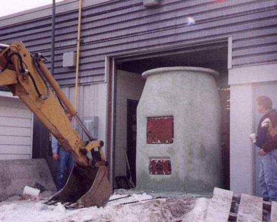 Completed kiln being skidded outdoors with a backhoe. Bottom door is for firing. Top door is for limestone.
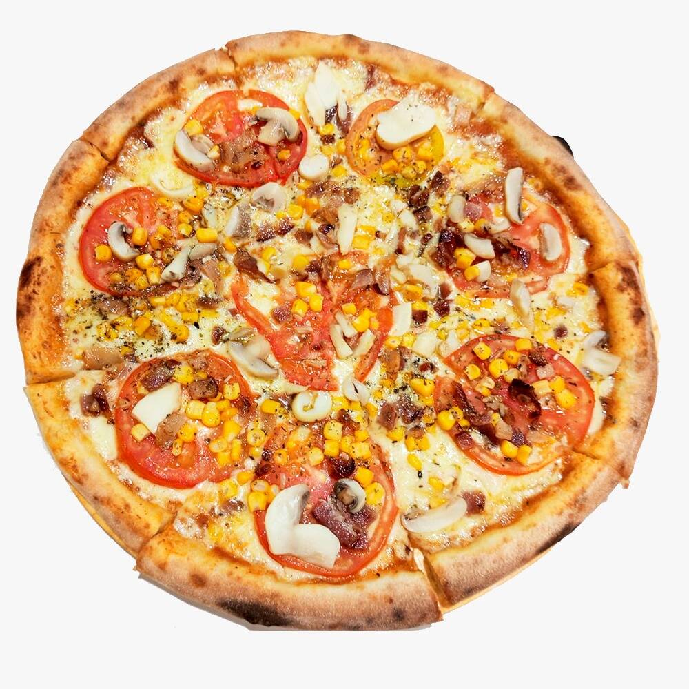 frango,milho,mussarela,calabresa,bacon,molho de tomate, oregano e azeitonas
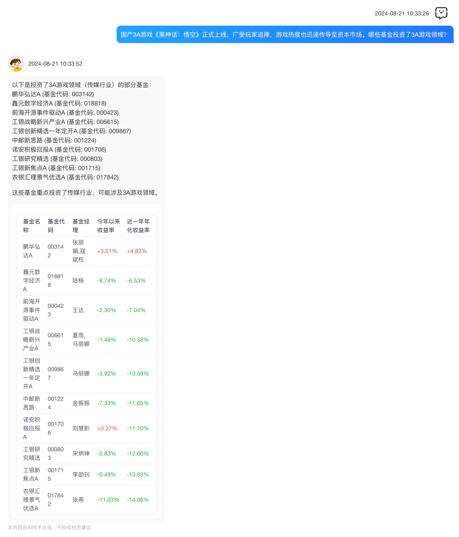 8月21日,有用户使用“基金通”专业版提问:哪些基金投资了3A游戏领域?
+---+
Retype the data above exactly; pictures are not part of the copy.

 Completed kiln being skidded outdoors with a backhoe. Bottom door is for firing. Top door is for limestone.
 frango,milho,mussarela,calabresa,bacon,molho de tomate, oregano e azeitonas
 8月21日,有用户使用“基金通”专业版提问:哪些基金投资了3A游戏领域?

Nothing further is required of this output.